On June 5, 2020, the season was available for streaming on Netflix. It exited the service on June 4, 2021.

Reception

Viewers

Critical reviews
The season received acclaim from critics. On Rotten Tomatoes, the second season scored an approval rating of 98% with an average rating of 9.3/10 based on 45 reviews. The consensus reads: "With powerful imagery and a strong, unpredictable story, season two of Hannibal continues to build on the first season's promise." On Metacritic, the second season scored 88 out of 100 based on 14 reviews, which constitutes "universal acclaim". On April 10, 2014, Hannibal was voted the winner for Hulu's "Best in Show" online competition.
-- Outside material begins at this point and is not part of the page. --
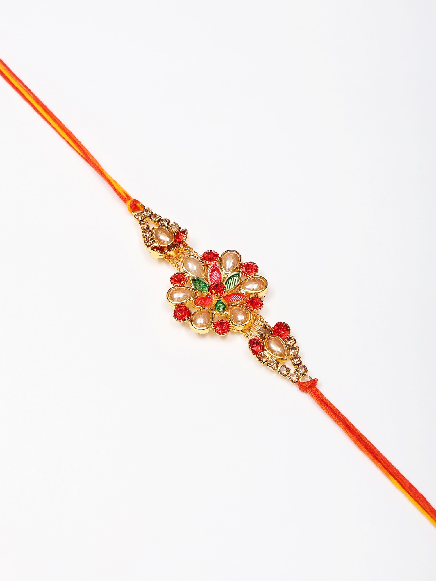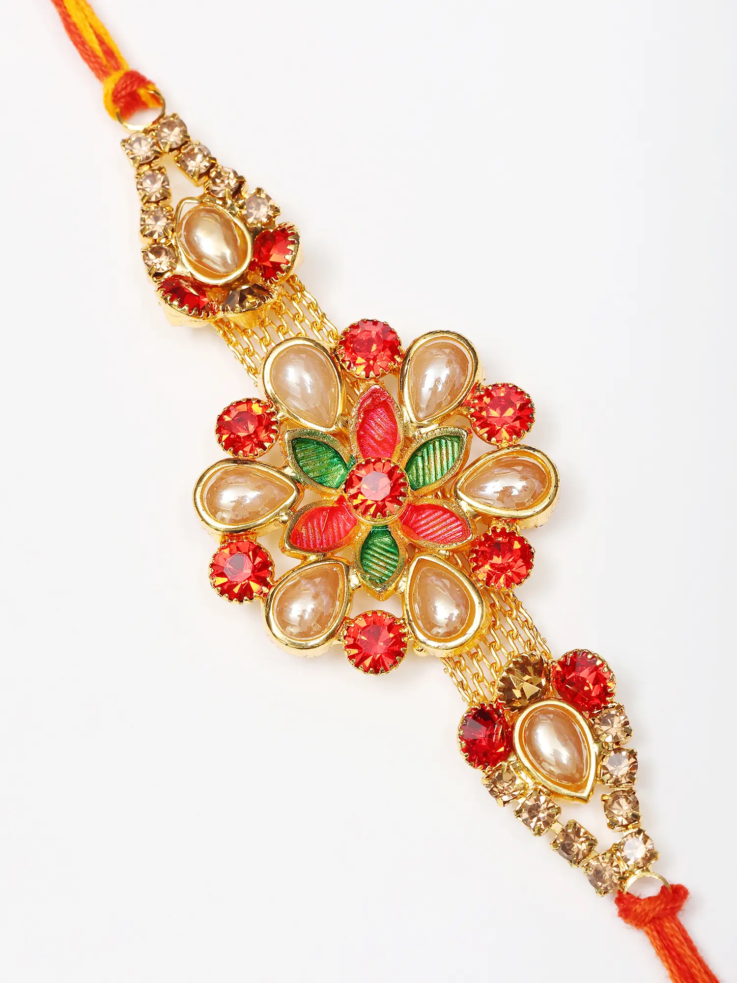 Kundan Studded and Beaded Rakhi with Thread Work Latkan

Mark Peters of Slate called Hannibal "an engrossing, psychologically dense show that is also visually stunning... the kind of gem seldom found on network TV." He did however note that the female characters were less developed. Matt Zoller Seitz, writing for New York magazine heaped praise on the show, calling it "serenely unlike anything else on TV or anything that ever has been on TV." Alan Sepinwall of HitFix continued his praise of the series, highlighting the performances of the lead actors. The A.V. Club named it the best TV series of 2014, and wrote that Hannibal was "the best, most elegantly designed thrill ride on TV in 2014".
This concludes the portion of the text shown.